Firstly, for the flexsurvreg function to work, you need to specify your input data as a Surv object (from package:survival). This means one row per observation.

The first thing is to re-create the 'raw' data from the summary tables you provide. (I know rbind is not efficient, but you can always switch to data.table for large sets).
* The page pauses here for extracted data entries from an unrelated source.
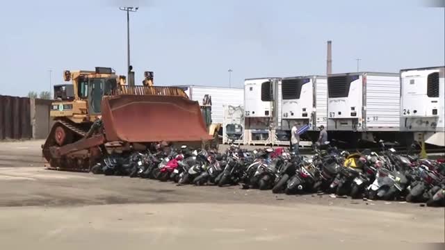 The New York City Police Department destroyed hundreds of illegal two-wheelers in a public demonstration during a demolition derby-style event. 2025-06-14 14:44:16
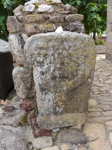 Vue d'une pierre sculptée avec une forme de croix, encastrée dans un petit muret, à proximité de l'ancienne métairie (pierre déplacée)Immatriculation
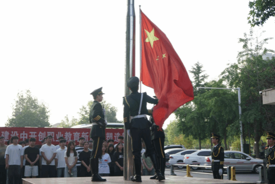 在庄严的氛围中,伴随着雄壮的《义勇军进行曲》,五星红旗冉冉升起。全体师生肃立行礼,高唱国歌,展现了新时代青年的精神风貌。

### get rows with >1 death
df3 <- df2[df2$Deaths>1, 2:3]
### expand to give one row per death per time
df3 <- sapply(df3, FUN=function(x) rep(df3[, 2], df3[, 1]))
### each death is 1 (occurs once)
df3[, 1] <- 1
### add this to the rows with <=1 death
df3 <- rbind(df3, df2[!df2$Deaths>1, 2:3])
### convert to Surv object
library(survival)
s1 <- with(df3, Surv(Day, Deaths))
### get parameters for Gompertz distribution
library(flexsurv) 
f1 <- flexsurvreg(s1 ~ 1, dist="gompertz")

giving

> f1$res
              est         L95%        U95%
shape 0.165351912 0.1281016481 0.202602176
rate  0.001767956 0.0006902161 0.004528537

Note that this is an intercept-only model as all your genotypes are A. You can loop this over multiple survival objects once you have re-created the per-observation data as above.

From the flexsurv docs:

Gompertz distribution with shape parameter a and rate parameter b has hazard function

H(x: a, b) = b.e^{ax}

So it appears your alpha is b, the rate, and beta is a, the shape.